▶ [Goal of the exercise]
When you reach the line with "Radović prema najnovijem", start repeating the lines exactly and keep going to the end of the records, but drop every picture.

Stored data
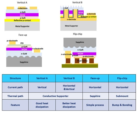 The bandgap of GaN and AlN are 3.4 and 6.2 eV, respectively. As the composition changes, the bandgap of AlGaN can range from 3.4 to 6.2 eV, which means that the material of AlGaN is very suitable for the fabrication of UVC LED devices [6]. An LED is a semiconductor light-emitting device based on a pn junction. The p-type and n-type layers are used to inject holes and electrons into the active region between them. Based on the device fabrication, we can separate UV LED chips into three types of device structures, namely, face up, flip-chip, and vertical type, as shown in Figure 1. The vertical type is more complicated in terms of fabrication: the wafer must first be mounted on a conductive support, followed by a top-side process, and then, the removal of the sapphire substrate. Although this set-up can result in good heat dissipation, the vertical design costs about three times as much as the other two types. By contrast, the fabrication process of the face-up chip is simple but does not lead to efficient light extraction and good quantum efficiency because of the p-metal shading part of the light and a worse current path. Therefore, the most commonly used UVC LED typically has a flip-chip structure; i.e., a substrate leads light at the top, whereas an electrode is connected to a circuit below. This structure can achieve better heat dissipation.
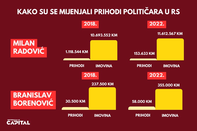 Radović prema najnovijem imovinskom kartonu na računu ima 50.000 KM, a posjeduje i BMW X5 vrijedan 120.000 maraka, dok su mu potraživanja po datim zajmovima i gotovina porasli na 6,4 miliona KM.
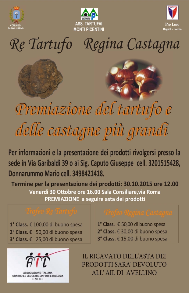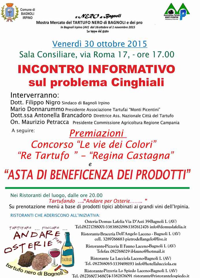 Già da domani sera, i ristoratori del Laceno organizzano “Tartufando …Andare per osterie”: in ogni ristorante e trattoria del territorio sarà possibile degustare le ricette tipiche a base di tartufo. Sabato e domenica il centro storico di Bagnoli ospita la mostra mercato del tartufo e dei prodotti tipici locali: castagne, funghi, pecorino e caciocavalli, vini, miele e prodotti da forno.
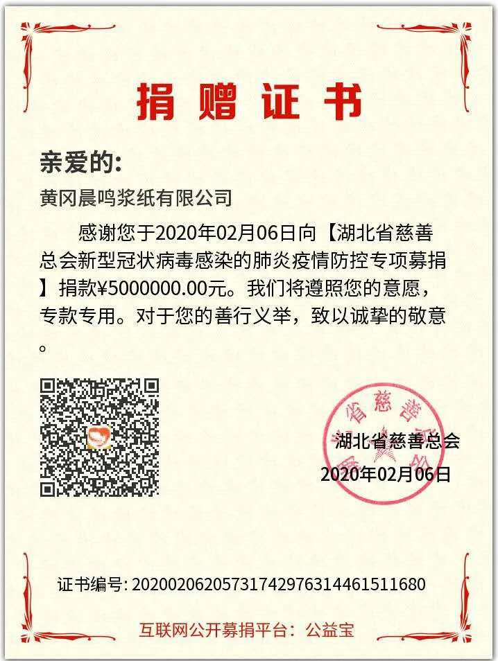 【支援抗疫彰显企业担当 爱心捐款践行企业初心】晨鸣集团捐款捐物1300余万元抗击疫情
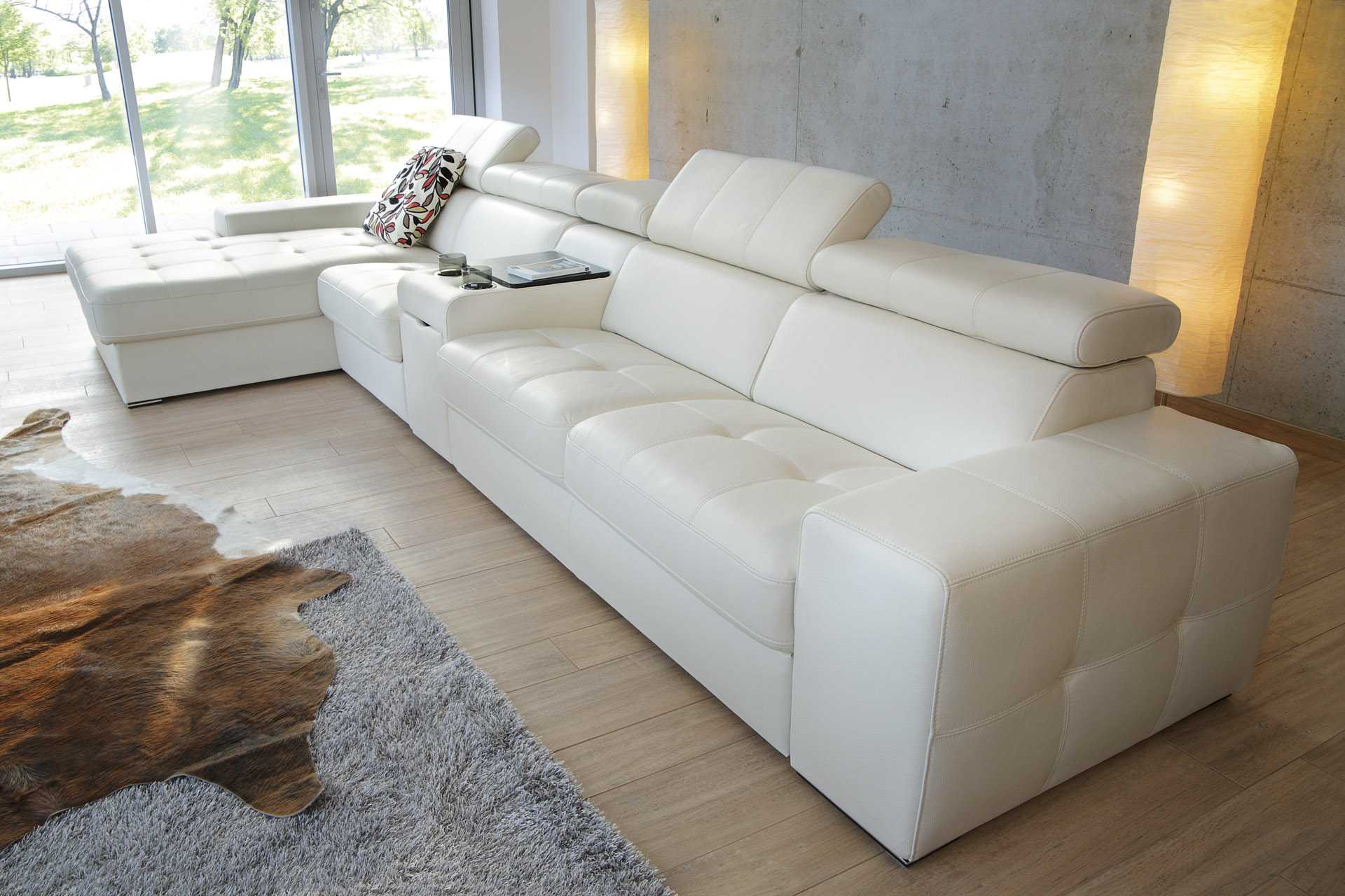 Доступны к приобретению диваны из кожи с подлокотниками и подголовниками, которые регулируются. К покупке предлагаются даже такие диваны, которые оснащены столиками и имеют встроенный мини-бар.

▶ [Response area]
 Radović prema najnovijem imovinskom kartonu na računu ima 50.000 KM, a posjeduje i BMW X5 vrijedan 120.000 maraka, dok su mu potraživanja po datim zajmovima i gotovina porasli na 6,4 miliona KM.
 Già da domani sera, i ristoratori del Laceno organizzano “Tartufando …Andare per osterie”: in ogni ristorante e trattoria del territorio sarà possibile degustare le ricette tipiche a base di tartufo. Sabato e domenica il centro storico di Bagnoli ospita la mostra mercato del tartufo e dei prodotti tipici locali: castagne, funghi, pecorino e caciocavalli, vini, miele e prodotti da forno.
 【支援抗疫彰显企业担当 爱心捐款践行企业初心】晨鸣集团捐款捐物1300余万元抗击疫情
 Доступны к приобретению диваны из кожи с подлокотниками и подголовниками, которые регулируются. К покупке предлагаются даже такие диваны, которые оснащены столиками и имеют встроенный мини-бар.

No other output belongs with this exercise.